Yeah the instructions in my case sucked for that.

When I was doing that I ended up just snapping off the metal tabs, but I didn't care since it was my disk drive which would always be there. Case is pretty good for the most part, but the metal grille on the front that's supposedly "removable" has really cheap tabs that snap off. I tried taking out the foam in front of the front fan and cleaning it. I got it out, but broke 2 tabs in the process and putting it back was a pain. Found vacuuming the front grille worked just as well and took about 20 seconds.


----------



## JohnJSal

Denther said:


> Yeah the instructions in my case sucked for that.
> 
> When I was doing that I ended up just snapping off the metal tabs, but I didn't care since it was my disk drive which would always be there. Case is pretty good for the most part, but the metal grille on the front that's supposedly "removable" has really cheap tabs that snap off. I tried taking out the foam in front of the front fan and cleaning it. I got it out, but broke 2 tabs in the process and putting it back was a pain. Found vacuuming the front grille worked just as well and took about 20 seconds.
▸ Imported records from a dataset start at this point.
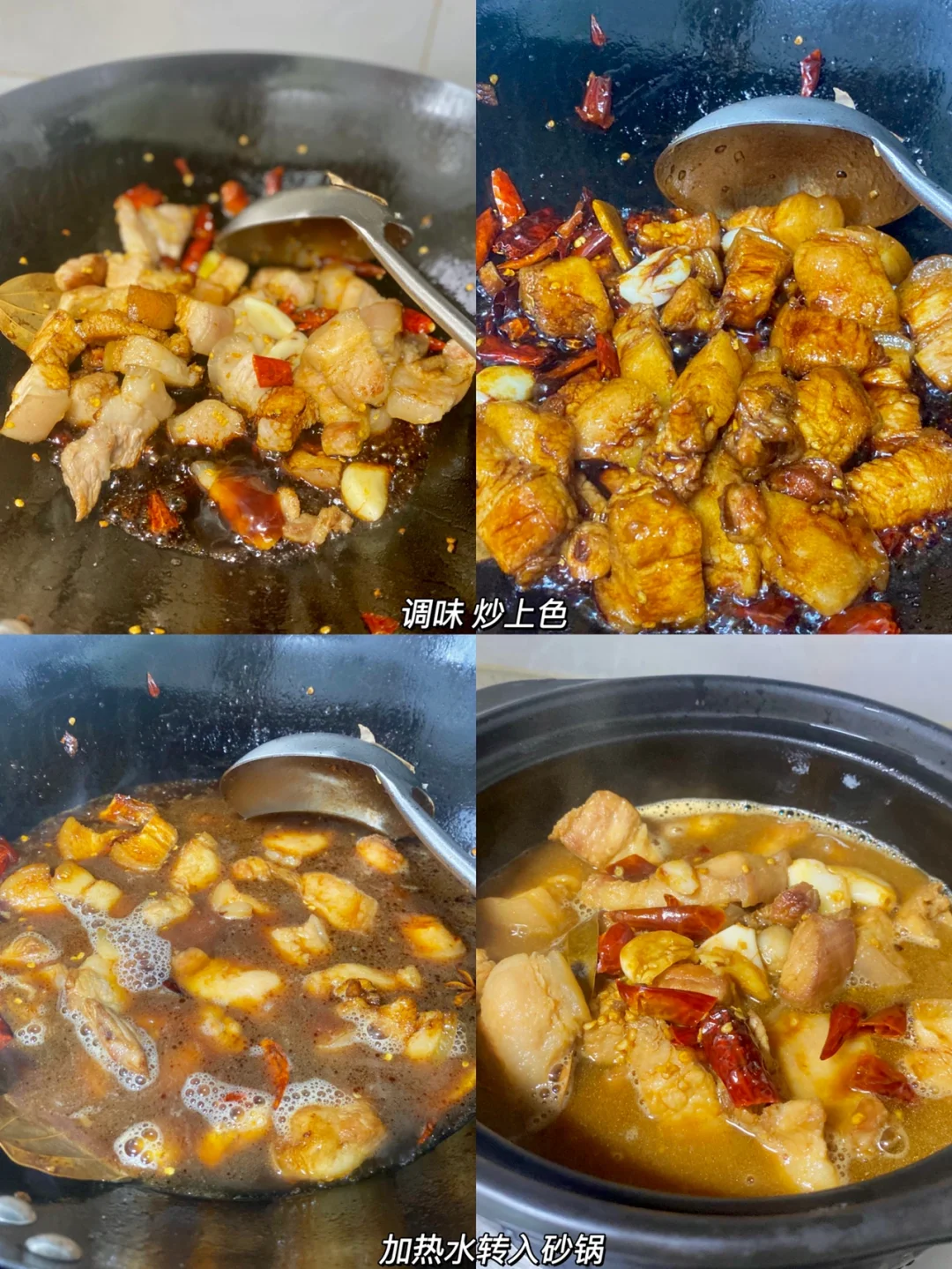 3⃣️:方一勺🥄半酱油/三勺生抽/两勺蚝油/六七颗冰糖,炒上色后加足量的热水大火煮开转最小火煮30分钟(我直接倒砂锅慢慢炖了,总感觉砂锅炖的更香[害羞R])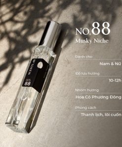 Vậy nên nước hoa được xem là một phương thức biểu đạt tâm tư tình cảm của người sử dụng hay tạo nên nét chấm phá riêng biệt cho mỗi cá nhân. MUSKY NICHE NO. 88 dành cho nam và nữ có hương thơm nữ tính, tinh tế, cuốn hút, thể hiện cá tính hiện đại đầy tự tin của phái nữ. Sự mở đầu được bao bọc trong hơi thở đầy mê hoặc của Hoa Hồng kết hợp Gỗ Tuyết Tùng và Đậu Tonka ở hương giữa đã đẩy hương thơm lên một tầm cao đầy cảm xúc. Kết thúc bằng Hoa Nghệ Tây và Hổ Phách mang đến sự ấm áp và quý phái gợi lên sự mạnh mẽ nhưng ngọt ngào bí ẩn đầy mị lực.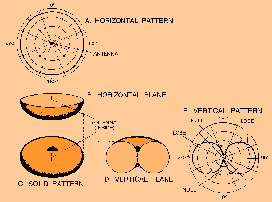 A VERTICAL PATTERN view E is obtained from the drawing of the vertical plane view D of the radiation pattern view C. The radiation pattern view C is sliced in half along a vertical plane through the antenna. This produces the vertical plane pattern in view D. Note how the vertical plane in view D of the radiation pattern differs from the horizontal plane in view B. The vertical pattern view E exhibits two lobes and two nulls. The difference between the two patterns is caused by two facts: (1) no radiation is emitted from the ends of the doublet; and (2) maximum radiation comes from the doublet in a direction perpendicular to the antenna axis. This type of radiation pattern is both NONDIRECTIONAL (in a horizontal plane) and DIRECTIONAL (in a vertical plane). From a practical viewpoint, the doublet antenna can be mounted either vertically or horizontally. The doublet shown in figure 4-14 is mounted vertically, and the radiated energy spreads out about the antenna in every direction in the horizontal plane. Since ordinarily the horizontal plane is the useful plane, this arrangement is termed NONDIRECTIONAL. The directional characteristics of the antenna in other planes is ignored. If the doublet were mounted horizontally, it would have the effect of turning the pattern on edge, reversing the patterns given in figure 4-14. The antenna would then be directional in the horizontal plane. The terms "directional" and "nondirectional" are used for convenience in describing specific radiation patterns. A complete description always involves a figure in three dimensions, as in the radiation pattern of figure 4-14. Q.17 What terms are often used to describe basic half-wave antennas? |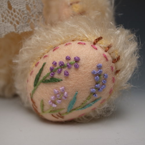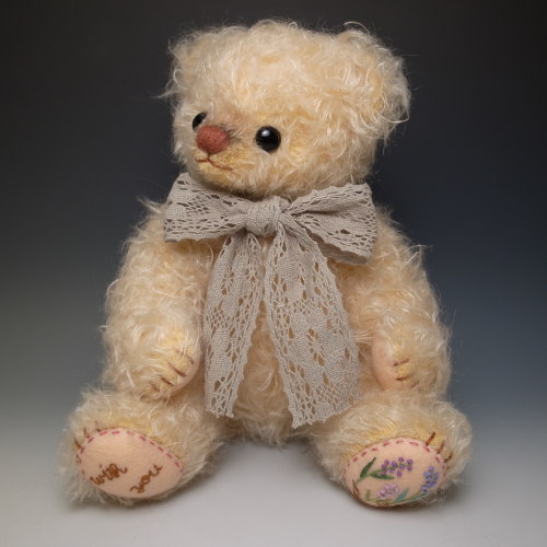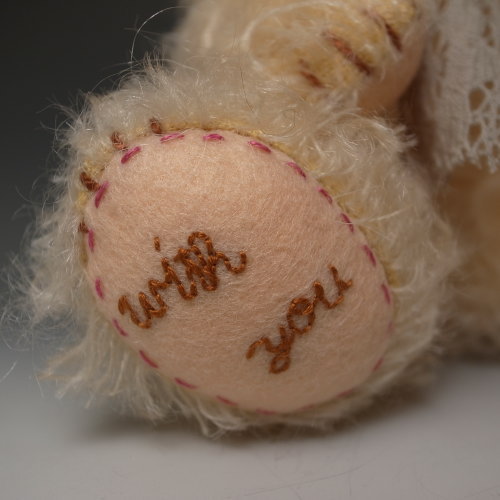 足裏になんとなく、なでしこっぽいピンクのお花とWith Youという文字を刺繍しました。
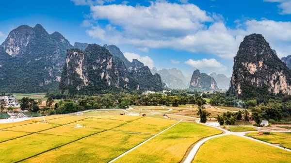 金色稻浪與喀斯特峰林相映成一派“豐”景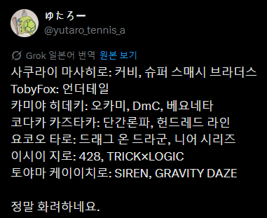 요코오 타로도 나무위키 쳐보면 사진 나오긴 함. 만드는 겜에 비해 둥글둥글하게 생겨서 가리는거라고 | 25.10.14 18:35 | | |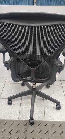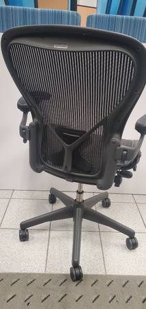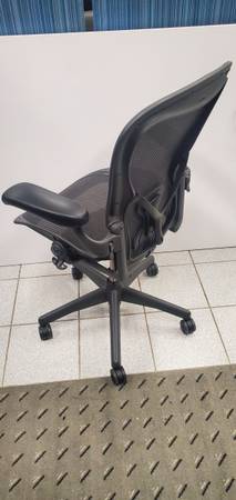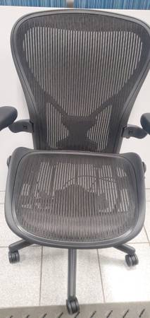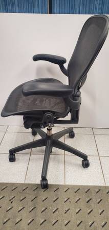 HERMAN MILLER AERON POSTURE FIT SIZE B. FULLY LOADED. FULLY REFURBISHED. 30 DAY MECHANICAL FAILURE WARRANTY. BLACK ON GRAPHITE FRAME. REAR AND FORWARD TILT LOCK LIMITERS. FULLY ADJUSTABLE VINYL ARM PADS. ADJUSTABLE POSTURE FIT. FLIP LEVER.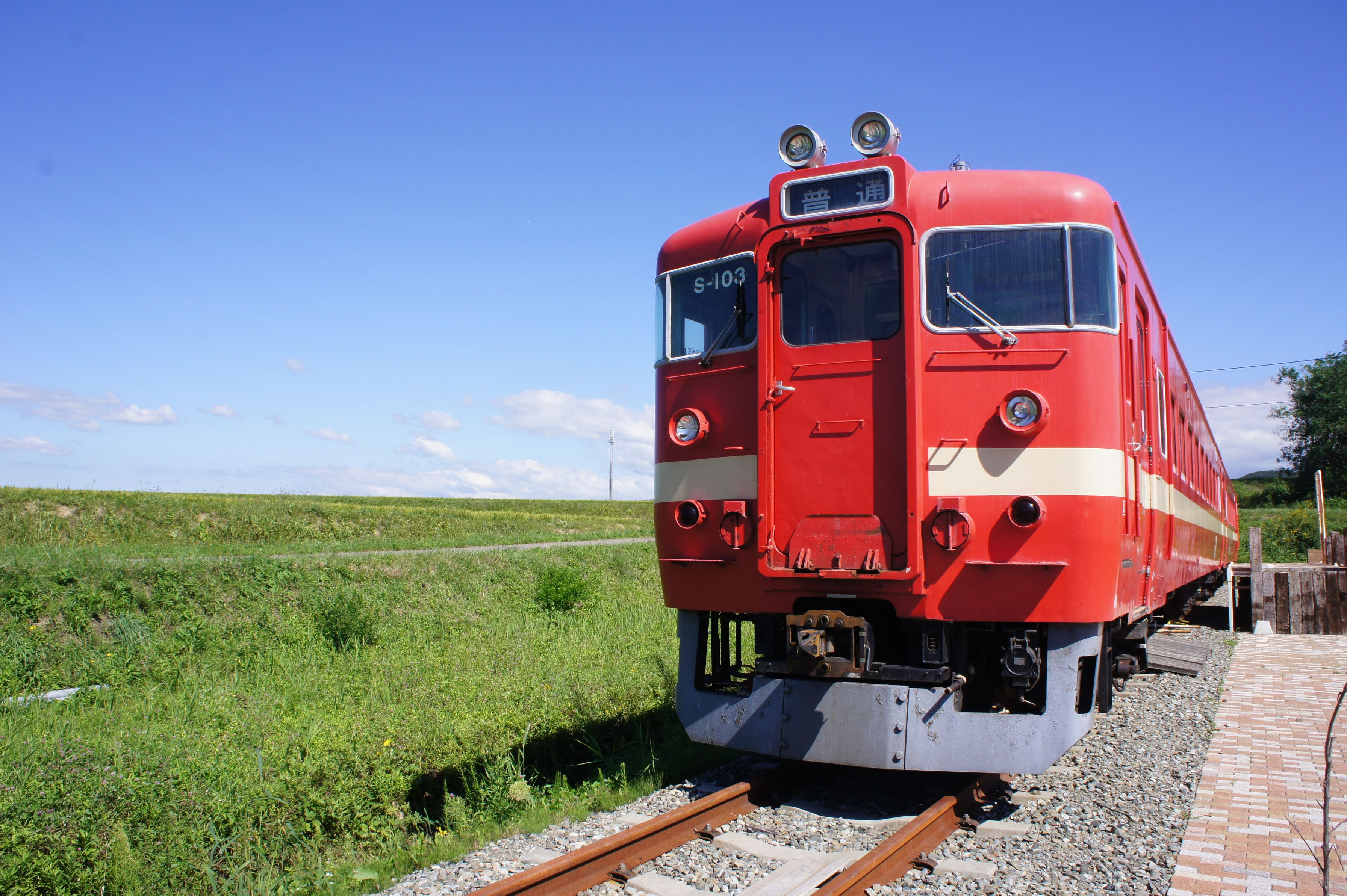 北海道のレストランの横にあったオブジェですが、台風が去ったとの青空にあまりにも映えていたので撮ってみました。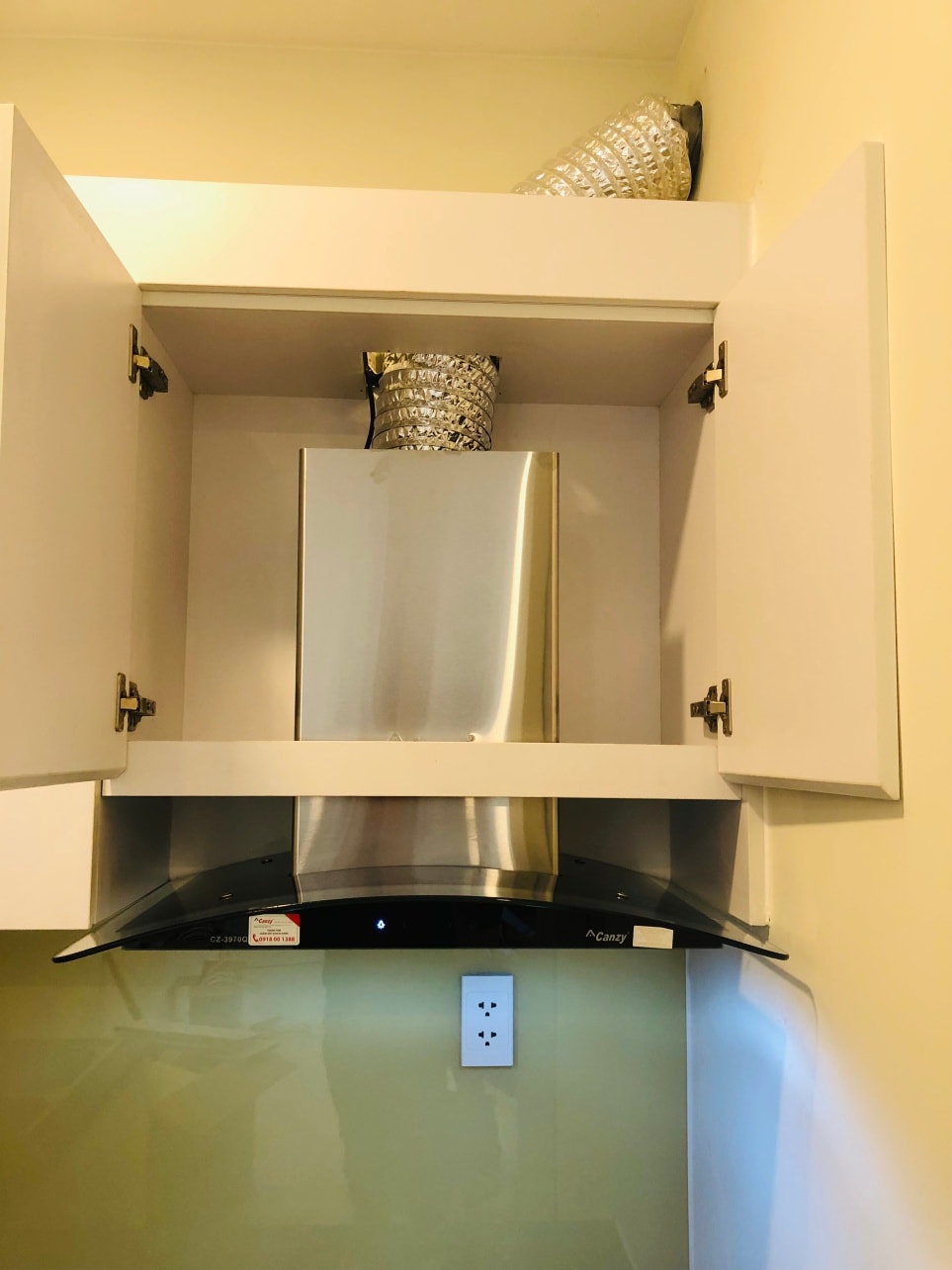 lắp đồng bộ với tủ và bếp. Loại máy hút mùi âm tủ này mang tính thẩm mỹ cao, có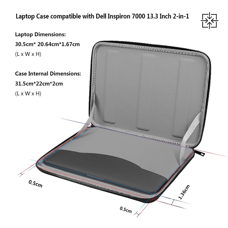 - COMPATIBILITY This hard case fits perfectly for 13.3 inch Dell New Dell XPS 13 Plus 9320/ XPS 13 9310 7390 9305 9300 13.3 inch / Dell Inspiron 7000 13.3 inch 2 in 1, Interior laptop bag dimensions 12.4 inch x 22 cm x 2 cm. (Note: Not compatible with other 13.3 inch laptops.)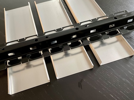 Die Paneele für die DOBNER Metalldeckensysteme mit offener Fuge werden hergestellt aus gewalztem Aluminiumband. Die Legierung ist ALMn 0,5 Mg 0,5 H 44-48, verarbeitet nach EN 13523 oder hochglanzeloxiert aus AL 99,85 (hart) rollformfähig. Die Deckenpaneele werden mittels eines Rollformverfahrens profiliert. Die Materialstärke (Dicke) der Aluminiumpaneele ist wie folgt: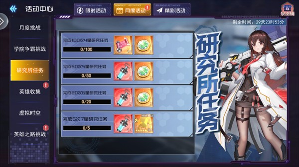 完成不同星级的研究所任务,可获得双倍幸运券、进阶材料和神秘英雄碎片,是中期稳定获取养成资源的重要途径。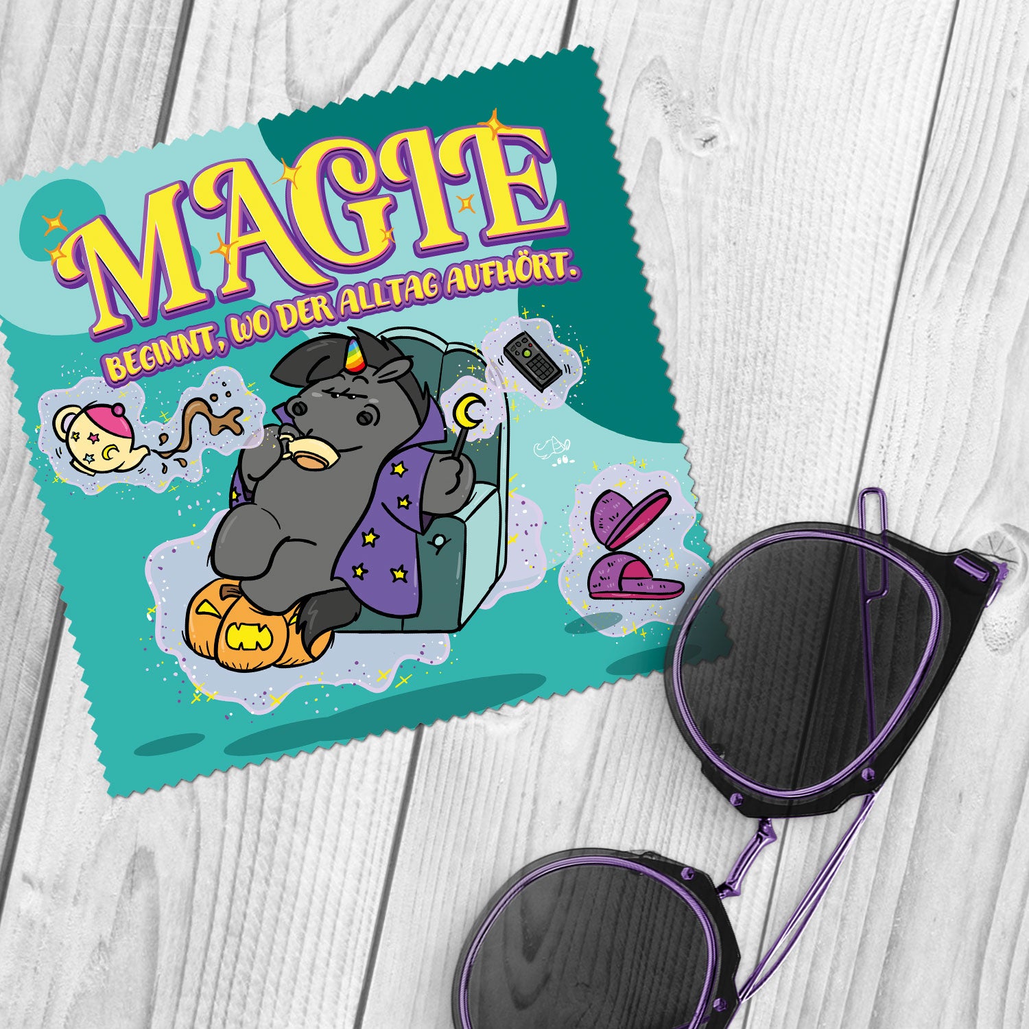 Eine kleine Auszeit, ein tiefer Atemzug – und schon beginnt die Magie. Dieses Brillenputztuch mit Grummel auf dem gemütlichen Sessel schenkt dir nicht nur klare Sicht, sondern auch eine liebevolle Erinnerung daran, dass die schönsten Momente oft mitten im Alltag stecken. Der Spruch „Magie beginnt, wo der Alltag aufhört“ trifft mitten ins Herz – und sorgt für ein Lächeln beim nächsten Brillen- oder Handyputzen.

Just curious, does vacuuming create any kind of static electricity that might hurt a PC?


----------



## Darren

JohnJSal said:


> Just curious, does vacuuming create any kind of static electricity that might hurt a PC?



It can generate static yes. As for enough to cause issues. Not sure. I've been doing it for a while with no problems at all. I've even vacuumed out the inside, which probably wasn't smart though.


----------